==== Material supplied ====

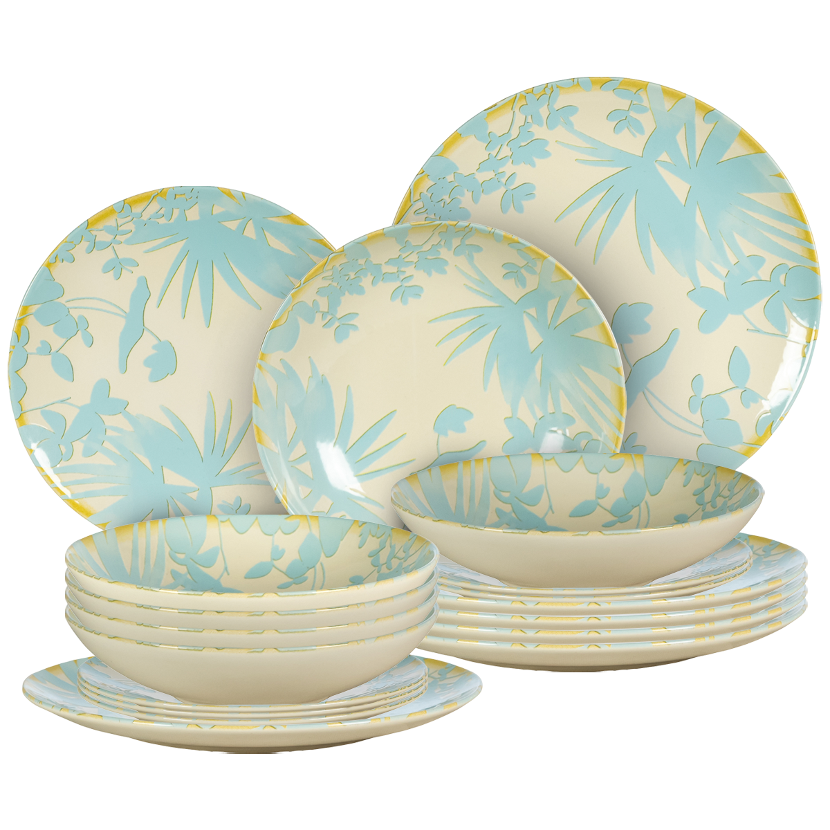 Set farfurii de 18 piese, pentru 6 persoane, Foliage, Ivoire cu frunze Albastru deschis
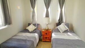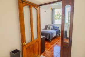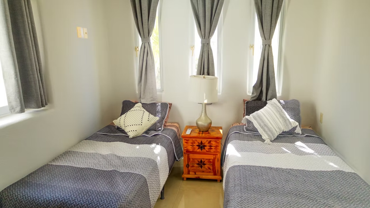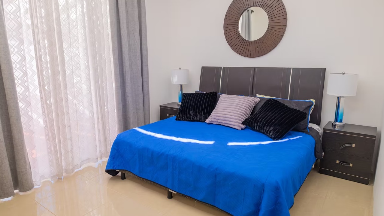 Esta residencia cuenta con tres dormitorios elegantemente decorados, dos de ellas con su propio baño completo y armarios empotrados. La suite principal ofrece un refugio sereno con acceso directo a la terraza, donde se puede disfrutar de las vistas al hermoso parque al frente de la propiedad.
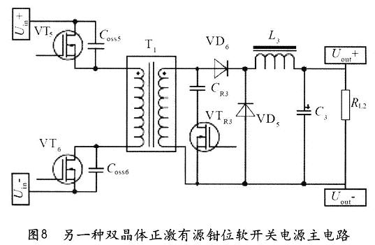 雙晶正激有源鉗位軟開關(guān)電源還有另一種結(jié)構(gòu),如圖8所示。其結(jié)構(gòu)與圖1所示的雙晶正激有源鉗位軟開關(guān)電源基本相似,只鉗位開關(guān)管VTR3以及鉗位電容CR3設(shè)置在副邊,鉗位電容CR3一端與變壓器的同名端相連,另一端與鉗位開關(guān)管VTR3的D極相連,鉗位開關(guān)管VTR3的S極與變壓器的異名端相連,請參閱圖8。其工作原理同在初級鉗位相差不多,這里不再講述。
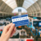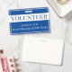 Este crachá de identificação para um voluntário apresenta um fundo azul sólido. O título "Voluntário" é impresso sobre um banner branco em texto azul para que o título seja facilmente visível. Você pode personalizar o crachá de identificação para incluir o nome da sua empresa ou organização ou outro texto personalizado.
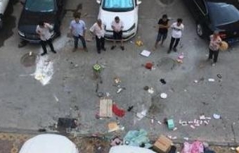 7月20日,郑州沙口路一居民楼三楼窗口不时有物品落下,落地的物品不但有锅碗瓢盆、衣服、被褥,还有椅子、凳子和整箱的药品,甚至连健身器材都被扔了下来。楼下停放的三辆汽车不同程度受损,其中一辆汽车的后挡风玻璃破碎,而被褥和锅碗还留在车身之上。
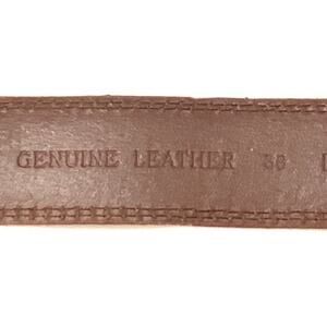Izod Mens Genuine Leather Double Stitched Brown Belt Silver Tone Buckle Size 38
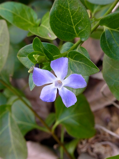 今年もまた、通称プロペラ草が花を咲かせました。正式名称のツルニチニチソウよりプロペラ草の方がピッタリくるのは、きっと職業病でしょうね(笑)。
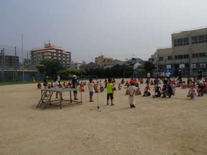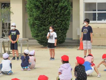 全校児童の前に立ってみんなから見られると、やはりドキドキと緊張します。1年生からスピーチをして最後に礼をすると、みんなから大きな拍手が贈られました。
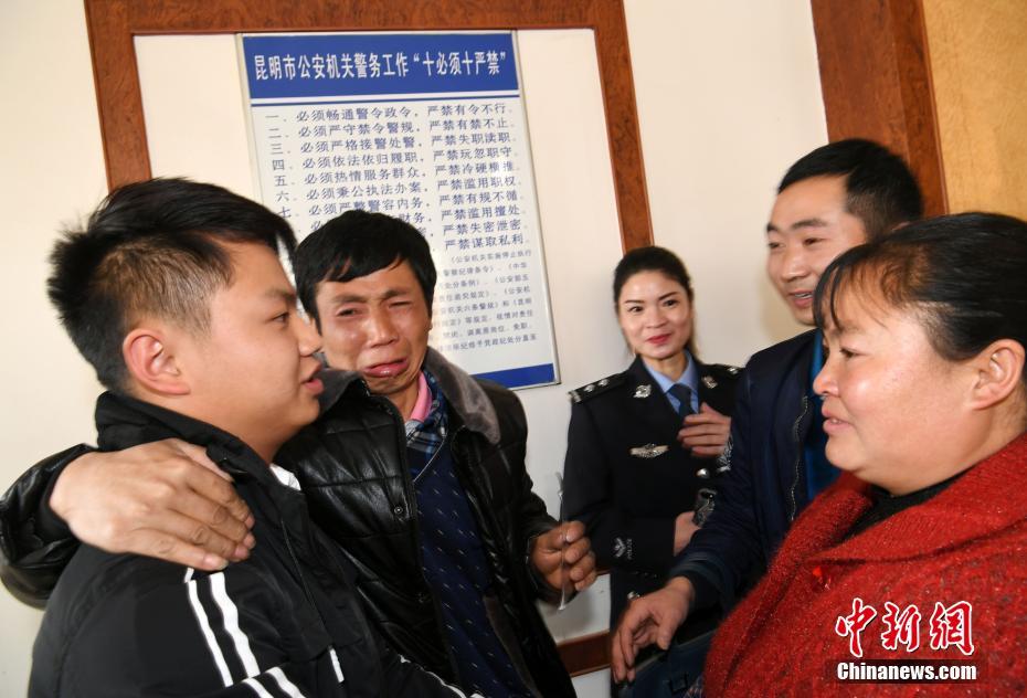 2月23日,小周和親生父母相見時,父母淚流滿面。當日,20年前在貴州省失蹤的周躍欽夫婦2歲半兒子小周,在貴州和云南兩省警方努力幫助下,通過DNA血樣比對成功,現在已經22歲的小周與自己的親生父母、弟弟在昆明團聚,一家人相擁而泣。這些年來,周躍欽夫婦一直沒有放棄找兒子,并將自己的DNA血樣在公安機關進行采集備案。為了找到親生父母,2016年,小周也在昆明市公安局進行了DNA和指紋采集。據介紹,采血入庫比對,是被拐孩子尋親的捷徑。中新社記者 李進紅 攝
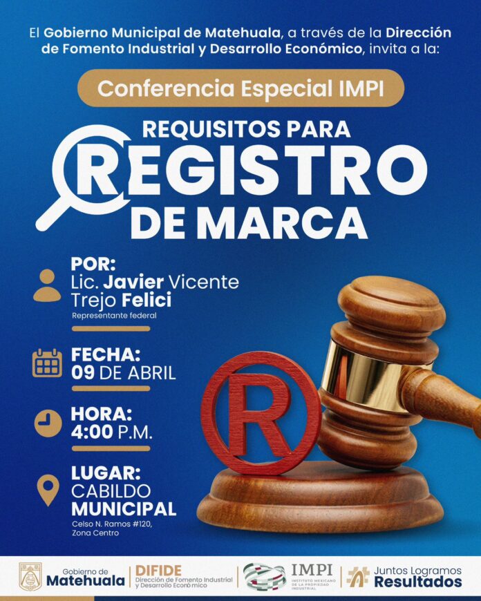 El Gobierno Municipal de Matehuala, a través de la Dirección de Fomento Industrial y Desarrollo Económico, invita a emprendedores, empresarios y público en general a participar en esta importante conferencia sobre los requisitos para el registro de marca.
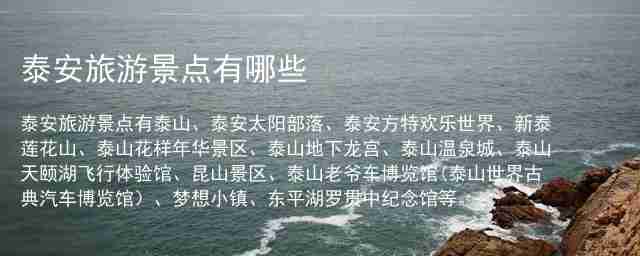 泰安旅游景点有泰山、泰安太阳部落、泰安方特欢乐世界、新泰莲花山、泰山花样年华景区、泰山地下龙宫、泰山温泉城、泰山天颐湖飞行体验馆、昆山景区、泰山老爷车博览馆(泰山世界古典汽车博览馆)、梦想小镇、东平湖罗贯中纪念馆等。
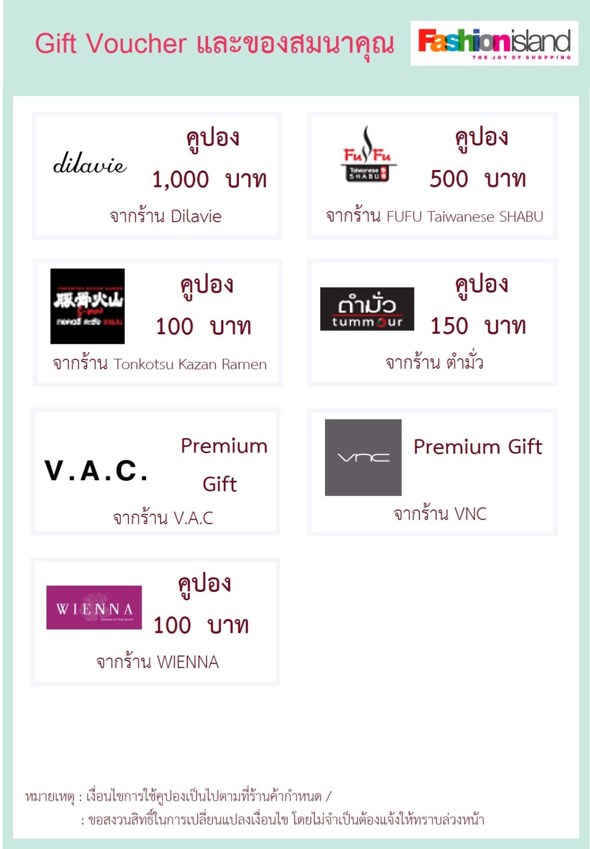* โปรดตรวจสอบเงื่อนไข และรายละเอียดโปรโมชั่นที่ เคาน์เตอร์ประชาสัมพันธ์ชั้น 1 ศูนย์การค้าแฟชั่นไอส์แลนด์
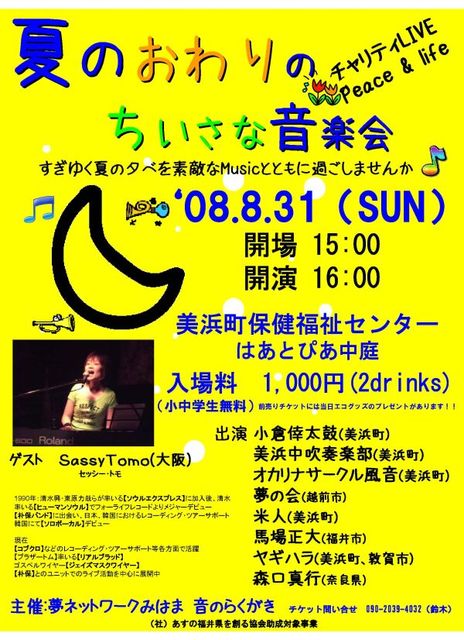 このたび、このmixiでのハンドルネームをPitakaから本来のSassy Tomo さんへ替えられた我らがTomoさんのソロライブのお知らせです。 今回は福井県美浜町でのイベント「夏のおわりのちいさな音楽会」へのゲスト出演でございます 場所:福井県三方郡美浜町郷市健康福祉センター 「はあとぴあ」中庭 時間 15:00〜 入場料:¥1000(2Drink) となっております 出演者ほか多数 福井県の皆様〜ならびに北陸の皆様方〜ご家族ご友人お誘いあわせの上お越しくださいませぇ〜〜〜 またイベントのアップ大変遅れましたことお詫びいたします 管理人失
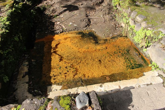 土砂が入り込み、現在は入浴ができる状態ではありません。わずかに湧いているお湯に触れてみると。。

====

■ **Problem requirements**
From the line that holds "場所:福井県三方郡美浜町郷市健康福祉センター 「はあとぴあ」中庭 時間" to the last line of the data, return those lines exactly and nothing else; both ends count, and pictures stay out.

■ **Response**
 このたび、このmixiでのハンドルネームをPitakaから本来のSassy Tomo さんへ替えられた我らがTomoさんのソロライブのお知らせです。 今回は福井県美浜町でのイベント「夏のおわりのちいさな音楽会」へのゲスト出演でございます 場所:福井県三方郡美浜町郷市健康福祉センター 「はあとぴあ」中庭 時間 15:00〜 入場料:¥1000(2Drink) となっております 出演者ほか多数 福井県の皆様〜ならびに北陸の皆様方〜ご家族ご友人お誘いあわせの上お越しくださいませぇ〜〜〜 またイベントのアップ大変遅れましたことお詫びいたします 管理人失
 土砂が入り込み、現在は入浴ができる状態ではありません。わずかに湧いているお湯に触れてみると。。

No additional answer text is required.